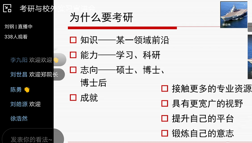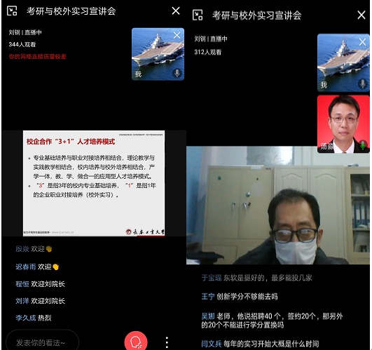 新闻网讯(通讯员王馨瑶)5月27日晚6时,bevictor伟德国际1946召开了2017级学生考研、校外就业实训网络宣讲会。本次会议利用企业微信平台进行直播,旨在为即将面临考研和就业的2017级学生进行指导,并做好相关政策的讲解。我院副院长刘钢、副院长郑虹、计算机系分管国际教育学院教学副主任姚庆安、学院校企合作部主任汤淼、国际教育学院团委书记于伟及我院学生党支部书记17级学生辅导员陈磊出席本次会议。会议由我院党委副书记季宏伟主持。
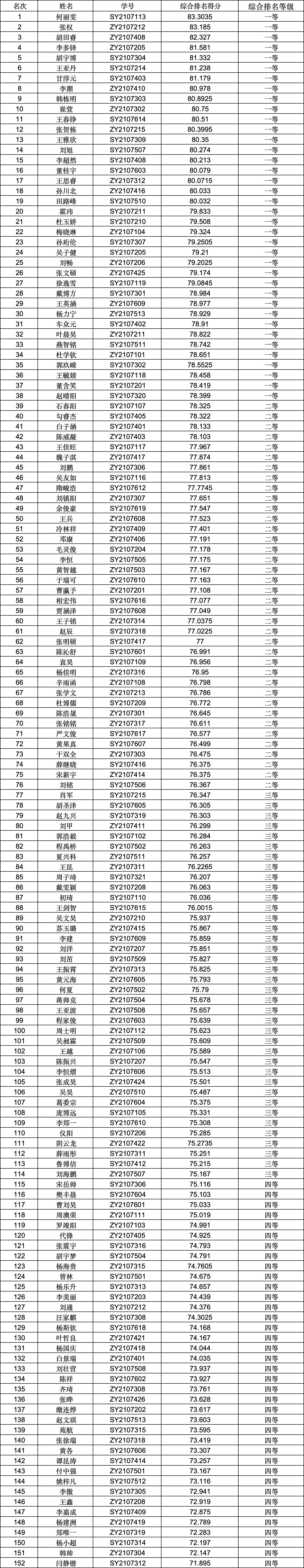 (注:综合排名等级分为四个级别。具体为:一等,成绩综合排名前25%;二等,成绩综合排名26%-50%;三等,成绩综合排名51%-75%;四等,成绩综合排名76%-100%。)
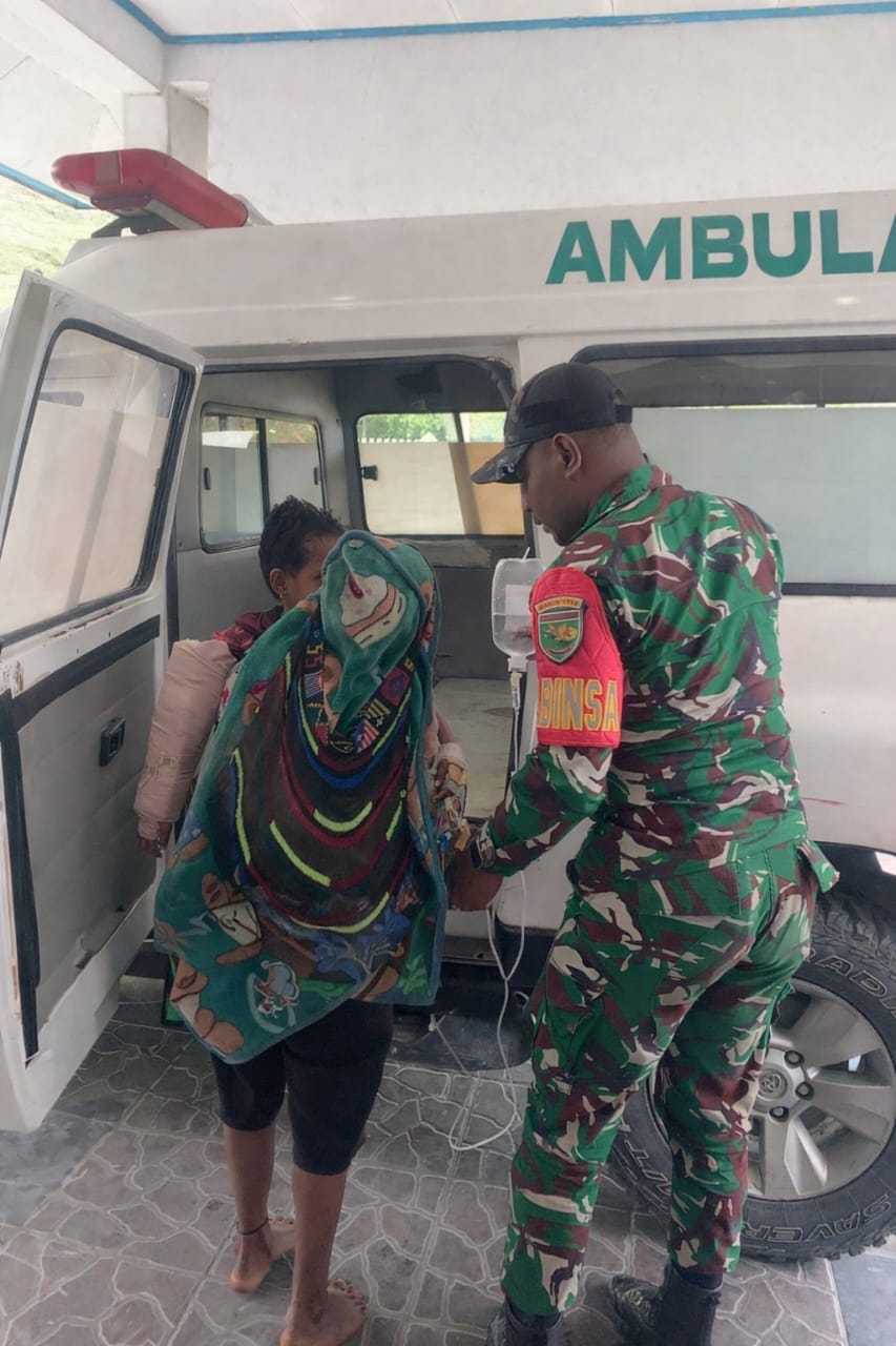 Koramil 1714-01/Mulia Menjadi Pelindung Rakyat Dampingi Evakuasi Korban Menuju RSUD Nabire

_Work required_:
Drop the images, then copy the data exactly.

_Solved problem_:
 新闻网讯(通讯员王馨瑶)5月27日晚6时,bevictor伟德国际1946召开了2017级学生考研、校外就业实训网络宣讲会。本次会议利用企业微信平台进行直播,旨在为即将面临考研和就业的2017级学生进行指导,并做好相关政策的讲解。我院副院长刘钢、副院长郑虹、计算机系分管国际教育学院教学副主任姚庆安、学院校企合作部主任汤淼、国际教育学院团委书记于伟及我院学生党支部书记17级学生辅导员陈磊出席本次会议。会议由我院党委副书记季宏伟主持。
 (注:综合排名等级分为四个级别。具体为:一等,成绩综合排名前25%;二等,成绩综合排名26%-50%;三等,成绩综合排名51%-75%;四等,成绩综合排名76%-100%。)
 Koramil 1714-01/Mulia Menjadi Pelindung Rakyat Dampingi Evakuasi Korban Menuju RSUD Nabire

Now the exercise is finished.